Reputation: 105
I have multiple excel files, each with different worksheets. I have tried to use readxl and map to import it to R. However, I was only able to do it using a for loop. The code below works fine but I would like to know if there is a clever way to do this. I keep thinking that I could have done it with map2 but I am missing something.
library(tidyverse)
library(readxl)
library(writexl)
### As a first step, I get all the files from my project folder and create an empty list for looping purposes
files <- list.files(pattern = ".xlsx")
data_xlsx <- list()
### I then use seq_along in all the files and map_df to read the each excel file
for (i in seq_along(files)) {
data_xlsx[[i]] <- files[i] %>%
excel_sheets() %>%
set_names() %>%
map_df(
~ read_xlsx(path = files[i], sheet = .x, range = "H3"),
.id = "sheet")
}
# I use the code below to get the files name into the list
data_xlsx <- set_names(data_xlsx, files)
# This final code is just to transform the list into a data frame with a column with the name of the files
data_xlsx_df <- map2_df(data_xlsx, files, ~update_list(.x, file = .y))
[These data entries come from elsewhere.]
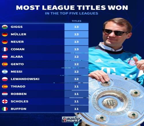 球員五大聯(lián)賽奪冠次數(shù)排行:吉格斯、諾伊爾、穆勒、科曼13次居首
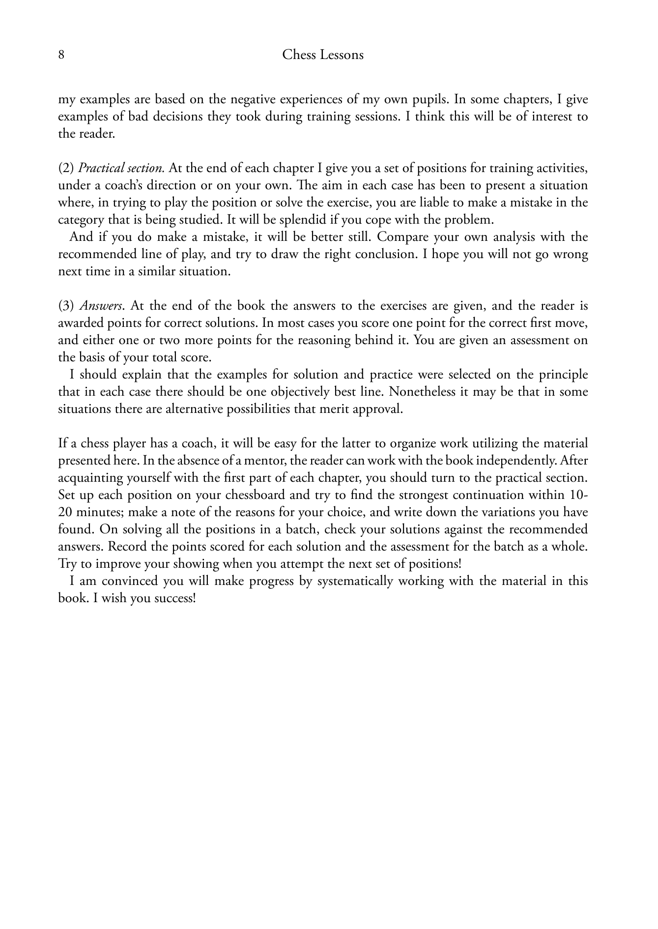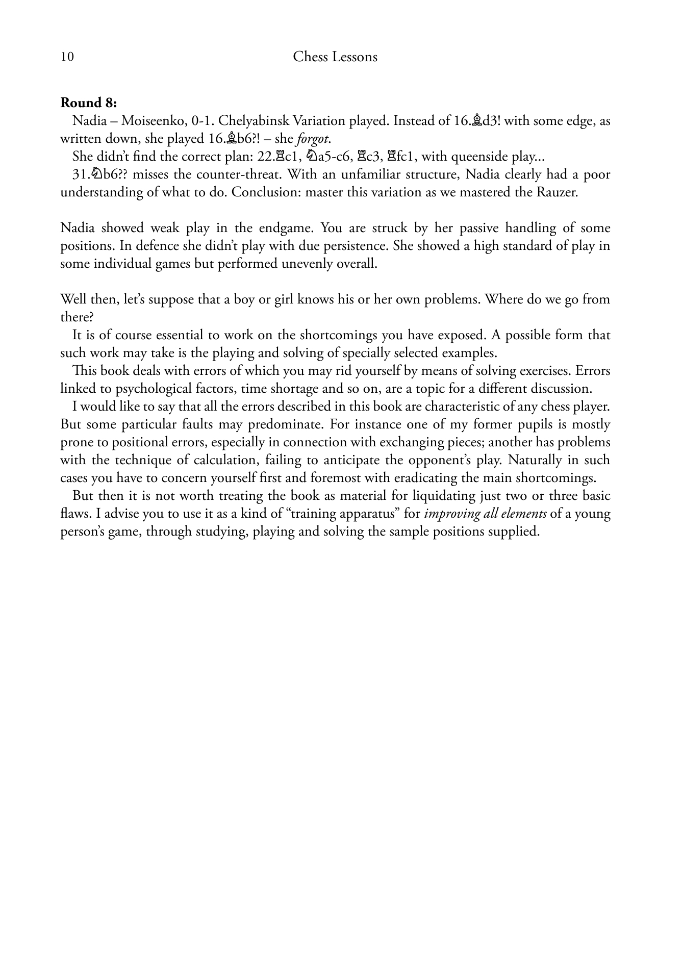 "The generic title Chess Lessons doesn't do justice to this book. Popov gave up playing in his twenties to devote his life to developing young talent and he has given a lot of thought how best do this... Chess Lessons is an excellent book that will prove helpful for not only the examples it offers but the ways it teaches one how to look at the game. Highly recommended for players from 1800 on up."
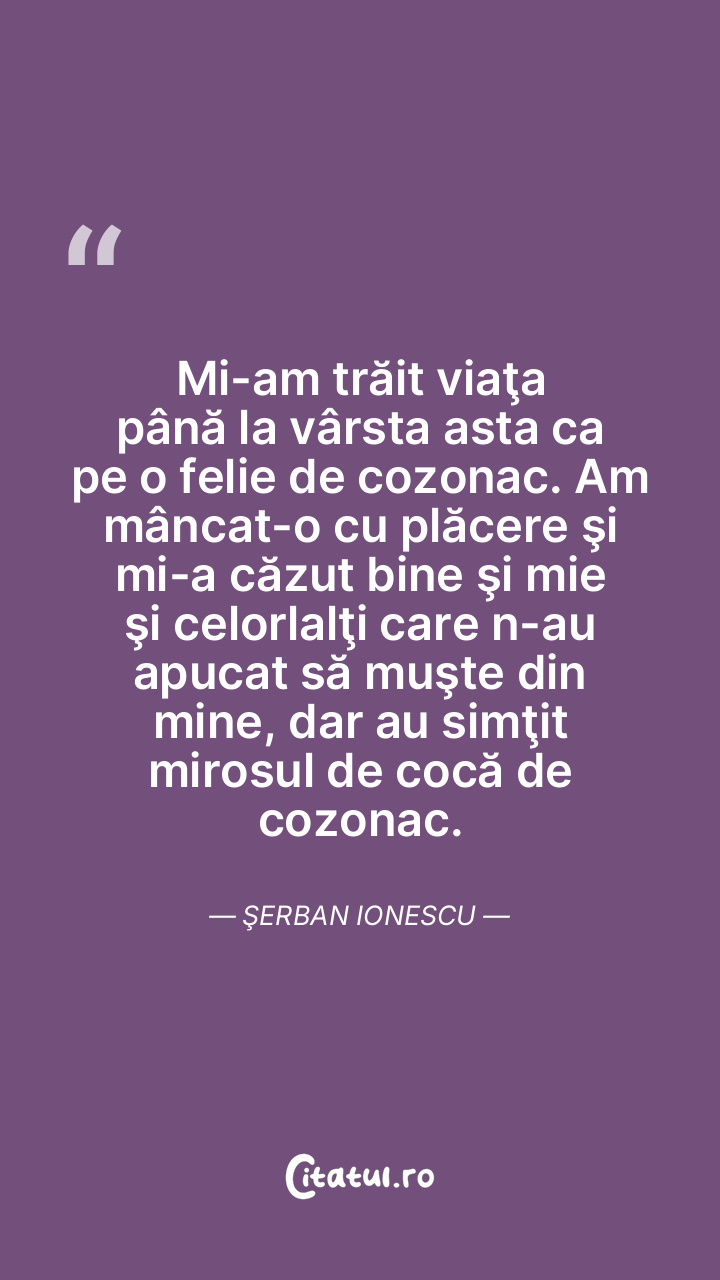 Mi-am trăit viaţa până la vârsta asta ca pe o felie de cozonac. Am mâncat-o cu plăcere şi mi-a căzut bine şi mie şi celorlalţi care n-au apucat să muşte din mine, dar au simţit mirosul de cocă de cozonac. Şerban Ionescu

Created on 2018-07-01 by the reprex package (v0.2.0).
Upvotes: 3
Views: 2635
Reputation: 1281
You can use nested map_df
calls to replace the for loop. As far as I know map2
can only operate on two lists of length n
and return a list of length n
, I don't think it's a way to generate a length n * m
list from two lists of length n
and m
.
files <- list.files(pattern = ".xlsx")
data_xlsx_df <- map_df(set_names(files), function(file) {
file %>%
excel_sheets() %>%
set_names() %>%
map_df(
~ read_xlsx(path = file, sheet = .x, range = "H3"),
.id = "sheet")
}, .id = "file")
Upvotes: 10